On Tue, Dec 4, 2012 at 4:19 PM, Jesús Leganés Combarro < notifications@github.com> wrote:

I still don't get the catch of the rows and columns, as I told you this number can change, and also sqlparse allow to change specific fragments of the SQL queries (and in fact is better to do it in a relatively form). Maybe the functionality that you are requesting correspond to a higher level library?

@andialbrecht https://github.com/andialbrecht, can you be able to give us light on this topic? :-)

— Reply to this email directly or view it on GitHubhttps://github.com/andialbrecht/sqlparse/issues/82#issuecomment-10987939.

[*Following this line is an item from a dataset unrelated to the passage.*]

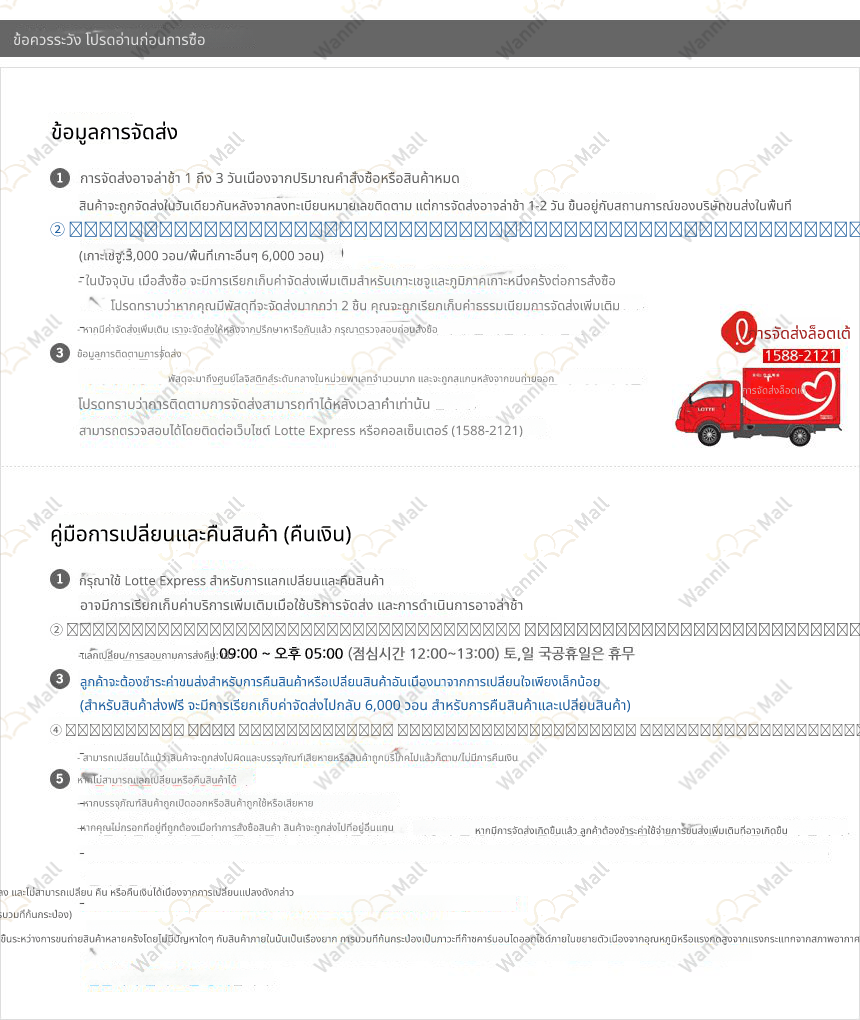 • เมื่อยื่นคำขอเปลี่ยน/คืนสินค้า โปรดติดต่อศูนย์บริการลูกค้า Wannii Mall (together1@wannii.com หรือ 070-4256-8800) เป็นอันดับแรก

ChaosEternal commented 11 years ago

as you mentioned, the row number and column number will change, and so the code is unsafe.

andialbrecht commented 11 years ago

I could think of another use case: In CrunchyFrog, the db frontend/SQL editor where sqlparse originated from, I need to know where a statement starts and ends to highlight it in the GUI. So col/row attributes on tokens would be helpful here too. Also when jumping to specific parts within a statement ("go to WHERE clause/JOIN definitions" would be a nice feature in the editor).

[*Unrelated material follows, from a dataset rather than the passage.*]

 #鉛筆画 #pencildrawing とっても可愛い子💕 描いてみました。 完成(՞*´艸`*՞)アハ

But as @piranna already noted, the values in the hypothetical cols/rows attributes would only be valid after initial parsing. During initial parsing all whitespaces are preserved so that the lexer should be able to calculate the initial positions (I'd throw char offset in the ring then too)

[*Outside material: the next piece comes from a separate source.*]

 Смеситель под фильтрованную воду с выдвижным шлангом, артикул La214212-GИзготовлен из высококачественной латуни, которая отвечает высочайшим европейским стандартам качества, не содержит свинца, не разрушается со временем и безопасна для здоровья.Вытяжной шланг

But as soon as filters are applied those properties could be invalid and we have no easy way to tell if they're still valid. OTOH, maybe that's just a documentation / naming issue...

andialbrecht commented 9 years ago

See also #102

idank commented 8 years ago

Throwing another comment here to say I'd like to see this implemented, for a tool I'm working on. It seems pretty basic to have position information in a parser. :)

piranna commented 8 years ago

Pull-request are welcome :-) El 15/2/2016 1:52, "Idan Kamara" notifications@github.com escribió:

Throwing another comment here to say I'd like to see this implemented, for a tool I'm working on. It seems pretty basic to have position information in a parser. :)

— Reply to this email directly or view it on GitHub https://github.com/andialbrecht/sqlparse/issues/82#issuecomment-184015281 .

vmuriart commented 8 years ago

@idank do you mean absolute position? nth token from the beginning of statement?

idank commented 8 years ago

I meant absolute position. I ended up with this hack, for those interested:

def calcpositions(root, index=0):
    positions = {}

    if root.is_group():
        startindex = index
        for token in root.tokens:
            nestedpos, index = calcpositions(token, index)
            positions.update(nestedpos)
        positions[root] = (startindex, index)
    else:
        positions[root] = (index, index+len(root.value))
        index += len(root.value)

    return positions, index

It returns a {token: (start, end)} dictionary and should be called with sqlparse.parse(text)[0].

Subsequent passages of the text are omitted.